# Intercooler pipe goes Boom!!!



## Poon Chaser (Aug 22, 2006)

**** near jumped out of my seat. Dang










Sent from my SAMSUNG-SM-G900A using Tapatalk


----------



## Alphabets (Apr 18, 2012)

Had the same thing happen to me....thought I had blown a tire at first but truck kept driving straight...then I noticed I had no boost.


----------



## Capt500 (Sep 9, 2013)

This will get you fixed up!

http://nolimitfabrication.com/index.php?route=product/product&path=95&product_id=98


----------



## Poon Chaser (Aug 22, 2006)

Yup. Installing manana

Sent from my SAMSUNG-SM-G900A using Tapatalk


----------



## Haute Pursuit (Jun 26, 2006)

At least your tool box didn't punch a hole in the bed.


----------



## Poon Chaser (Aug 22, 2006)

Boom!!! Back on the road. Not more rollin coal . Thank god... I looked like James Bond on the road without the turbo.

All good now










Sent from my SAMSUNG-SM-G900A using Tapatalk


----------



## Worm Drowner (Sep 9, 2010)

**** Chaser said:


> Thank god... I looked like James Bond on the road without the turbo.
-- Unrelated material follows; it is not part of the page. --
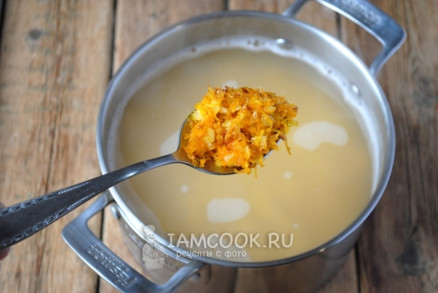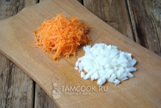 Пока горох варится, очистите и помойте овощи. Лук нарежьте кубиками, морковь натрите на терке.

"My name is Bond...**** Bond! Licensed to roll coal!" :rotfl:


----------



## DSL_PWR (Jul 22, 2009)

I wonder if H&S knows he's hacking their stuff?


----------



## d50h (Dec 2, 2005)

No Limit sells their stuff, such a hard on for no limit


----------



## goodwood (Mar 30, 2009)

I have some NL stuff but dont ever say anything bad about no limit or youll get jumped by his goons.


----------



## DSL_PWR (Jul 22, 2009)

goodwood said:


> I have some NL stuff but dont ever say anything bad about no limit or youll get jumped by his goons.


haha..


----------



## Poon Chaser (Aug 22, 2006)

Is NL bad stuff?

Sent from my SAMSUNG-SM-G900A using Tapatalk


----------



## Friendswoodmatt (Feb 22, 2005)

keep your foot out of it all the time


----------



## Poon Chaser (Aug 22, 2006)

Friendswoodmatt said:


> keep your foot out of it all the time


I still do know what yall are saying. That makes no sense to me at all.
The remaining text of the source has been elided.